Denn der ist privat. Aber entsteht nicht genau aus diesem Privaten, das kaum etwas Anderes meint als das «Leben», die Kunst? Ist Herbert Grönemeyers Album Mensch nicht auch deshalb sein nach Verkaufszahlen erfolgreichstes, weil es von zwei zwar sehr privaten, aber eben doch sehr öffentlich bekannten Schicksalsschlägen kontextualisiert wurde?

Doch für Grönemeyer ist seine Kunst der Beruf, und Privatleben und Berufliches, das trennt man in Deutschland. Strikt. Unsere Geschichte mag etwas damit zu tun haben, denn wo immer Politik autoritäre Züge annimmt, bekommt das Private einen besonderen Wert. Öffentlich funktioniert man, privat ist man anders, mitunter anrüchig, da lauert die Nabelschau. Flusig.
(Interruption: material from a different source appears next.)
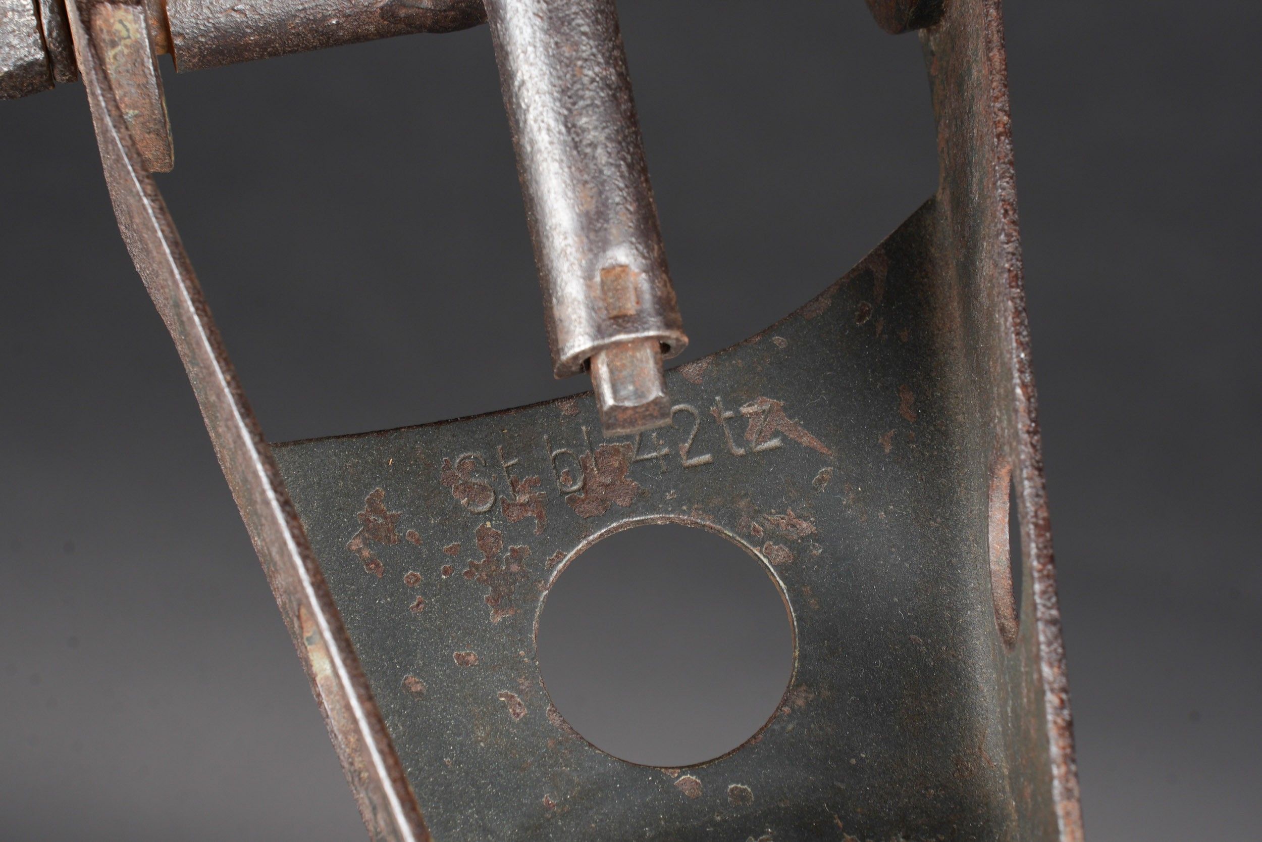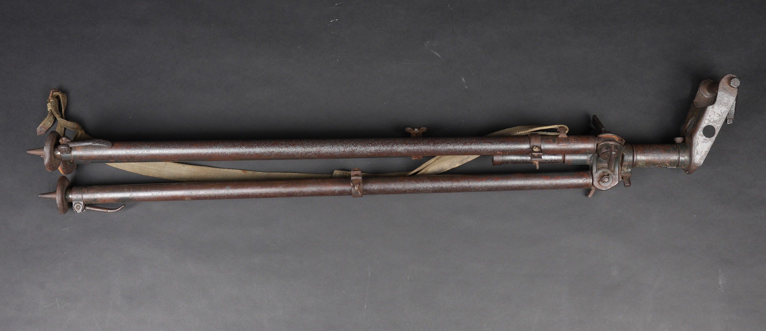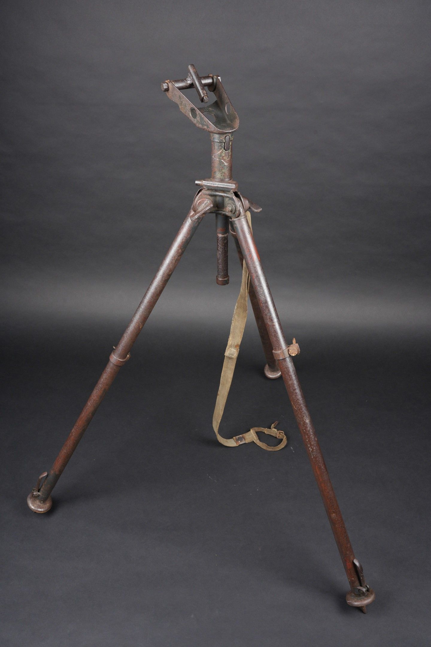 MG 42 anti-aircraft carriage. Metal tripod, telescopic tubes. All moving parts are functional. Paintwork almost missing. Rare complete carrying strap. The metal reinforcements are marked LUX. BRC manufacture with Waa eagles. Metal cradle, also unpainted. Marked ST BL 42 TZ. The MG 42 attachment system is oxidised, marked Lager 42 and CNX 43. Entirely period. Some wear and oxidation. Condition II+. MG 42 anti-aircraft tripod. Metal tripod with telescopic legs. All moving parts functional. Paint nearly gone. Rare complete carrying strap present. Metal fittings marked LUX. Maker BRC with eagle Waa stamps. Cradle also in bare metal, marked ST BL 42 TZ. MG 42 mounting system oxidized, marked Lager 42 and CNX 43. Fully period original assembly. Shows wear and oxidation. Condition II+.

Grönemeyer aber ist keine Fluse. Man kann ihm durch Lentz’ Text in etwa so nahekommen, als hätte man jahrelang von 8 bis 14 Uhr Aktentasche an Aktentasche neben ihm in einer deutschen Behörde gearbeitet. Minutiös wird seine Arbeitsweise geschildert. Immer wieder bekommt man seine phonetisch englischen, aber lautmalerischen «Bananentexte» auseinandergesetzt. Sie fungieren als Platzhalter auf den Melodien, bevor die eigentlichen Lyrics geschrieben sind. Lentz ist von dieser Arbeitsweise sichtlich fasziniert, unterschlägt aber, dass sehr viele Musiker:innen zunächst mit Melodie und lautmalerischen Texten arbeiten. Paul McCartney beispielsweise sang «Scrambled Eggs / Oh my baby how I love your legs», bevor er «Yesterday / All my troubles seemed so far away» textete.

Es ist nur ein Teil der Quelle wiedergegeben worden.